My son has almost drowned twice, and both times, it was my fault. He had been frolicking in the shallow end for 45 minutes in both cases. Then I got distracted for a minute, and when I glanced back, he was gone. There were multiple people in the pool with him each time, some within a couple of feet, a few of them relatives — and nobody saw that he had drifted back to where the water deepened and had sunk below the surface. The only reason I noticed was because when I looked for him, he wasn’t there.
These two experiences are among the most traumatic of my life, and they were pretty scary for him, too. Thankfully, he was fine, at least physically. But the incidents proved to me that drowning kids don’t call for help; they don’t kick or splash. They just sink and quietly disappear. They also revealed to me that swim lessons — which my son had taken after the first near-drowning — weren’t failsafe, and having adults around simply isn’t enough. I want to dig into the data on these two realizations in more detail today, because to me, at least, they were surprising. And they are crucially important, because more American kids die from drowning than from car accidents; drowning is the leading cause of death in kids ages 1 to 4.
Swim Lessons Are Not a Panacea
I have absolutely nothing against swim lessons — I think they’re crucial, and both my kids have taken them. But swim lessons can be dangerous if they cause caregivers to become overconfident about their kids’ abilities and watch them less closely.

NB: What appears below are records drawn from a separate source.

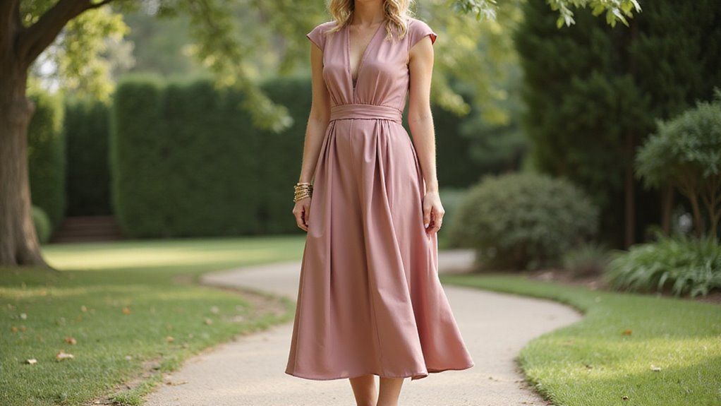 Avoid stiletto heels on grass or gravel surfaces. Choose deeper colors like burgundy, forest green, or navy for autumn celebrations. Simple accessories complete the look without appearing overdressed.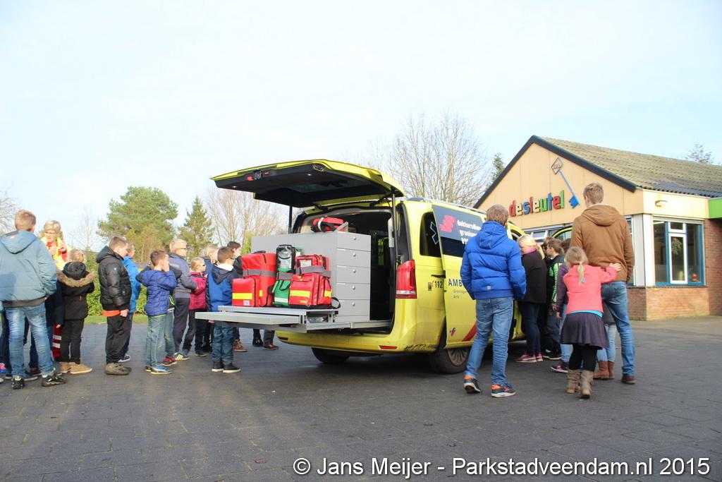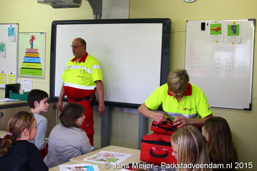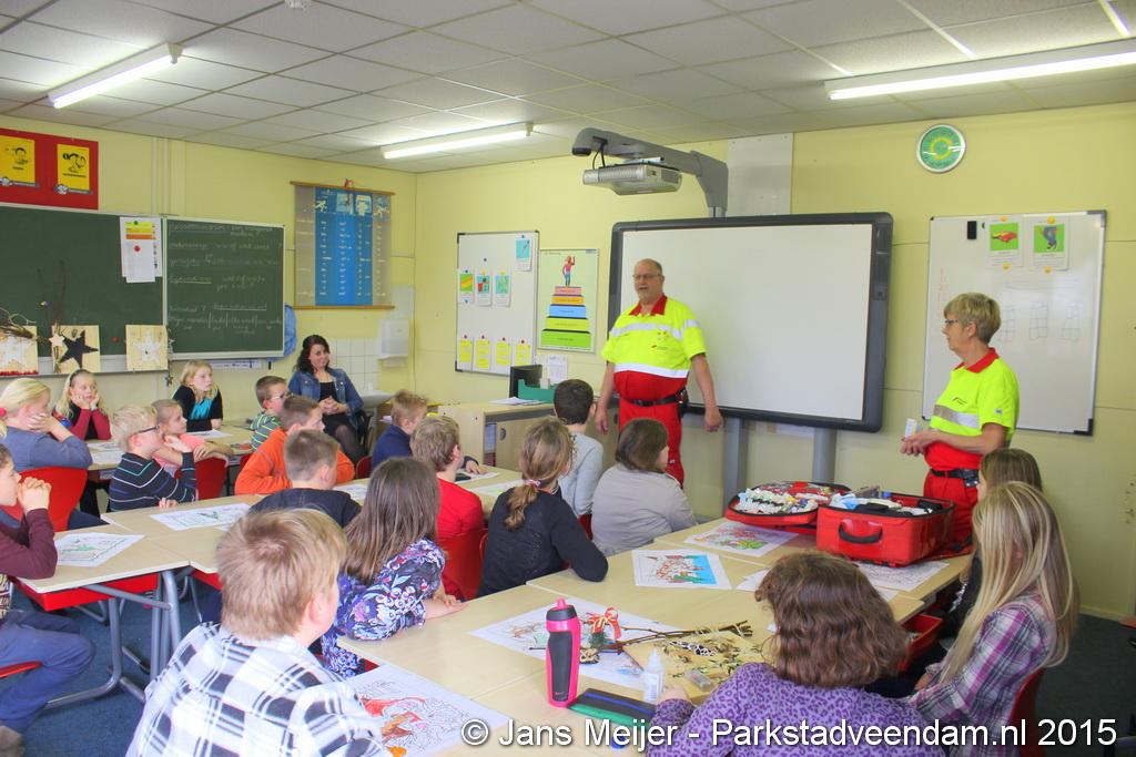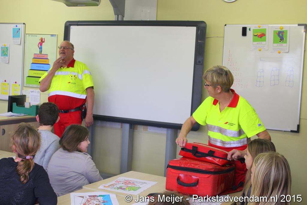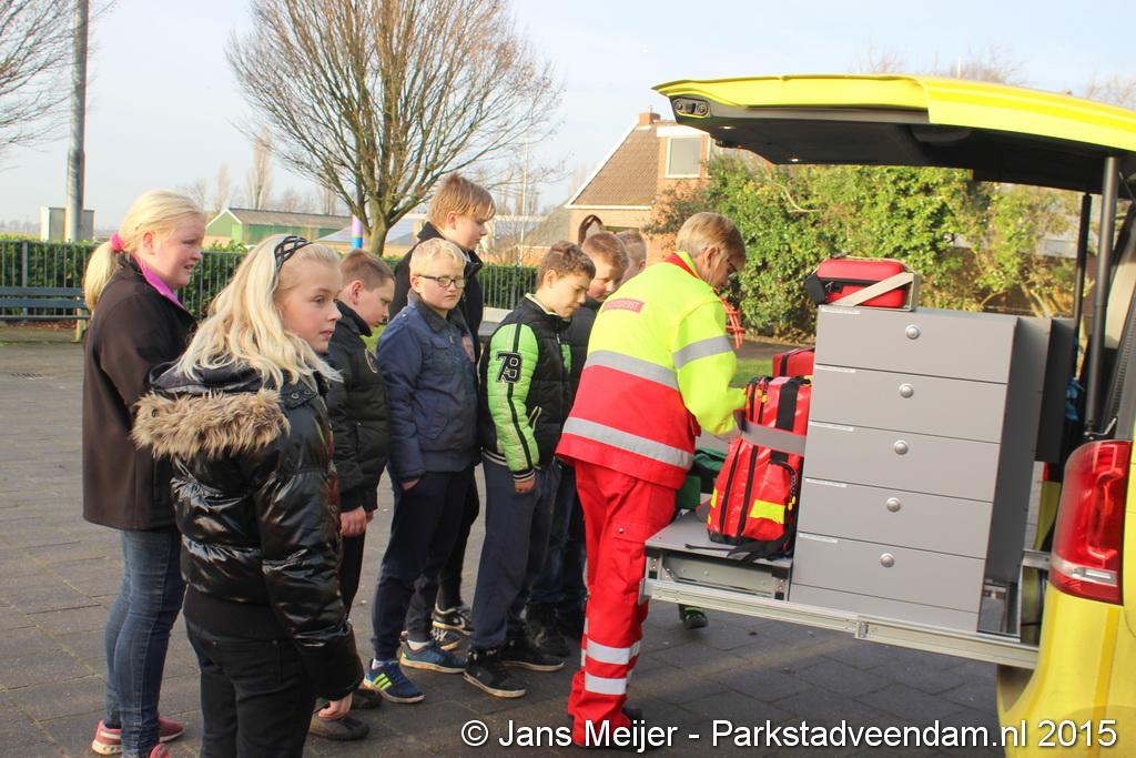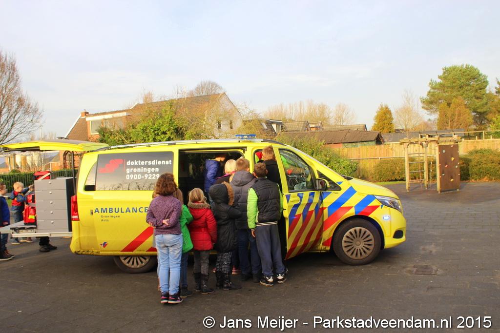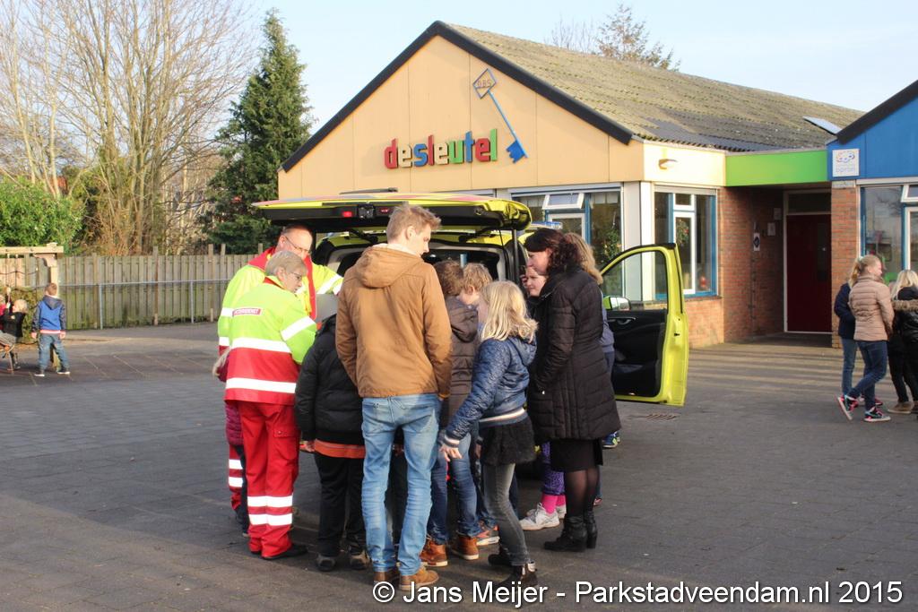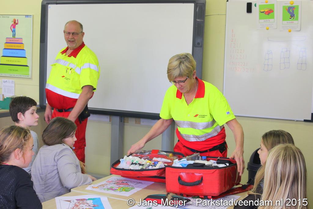 In de klas kregen de kinderen uitleg over de doktersdienst en mochten ze kijken wat de dokter en chauffeurs allemaal bij zich had in zijn dokterstas en mochten ze ook nog even een kijkje in de auto nemen
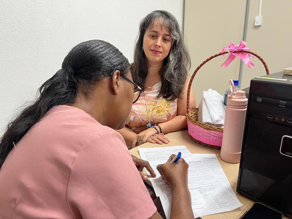 Também foi ofertado neste Pink Day, para as servidoras entre 50 e 69 anos, o exame clínico das mamas e, caso fosse necessário, a solicitação da mamografia. A servidora Chenya Coutinho participou da ação e relatou que nunca fez a mamografia, mesmo já estando na fase de rastreio, porque sua mãe teve câncer de mama.

In a 2014 study, researchers repeatedly surveyed parents over the course of eight months as their preschoolers took swim lessons. As the kids acquired more lessons, parents began to believe that their kids knew how to keep themselves safe in potentially dangerous water situations — that they were, for instance, good judges of their own swimming ability and knew to stay away from pools when unsupervised, which aren’t things that swim lessons generally teach.
The parents also began to assume that their kids needed less careful watching around water, which isn’t always true, either. In another study, researchers asked parents to judge how well their kids had mastered various swim skills in their lessons and found that parents overestimated one in every five skills. (This overestimation of swimming competence tends to be especially bad among fathers.)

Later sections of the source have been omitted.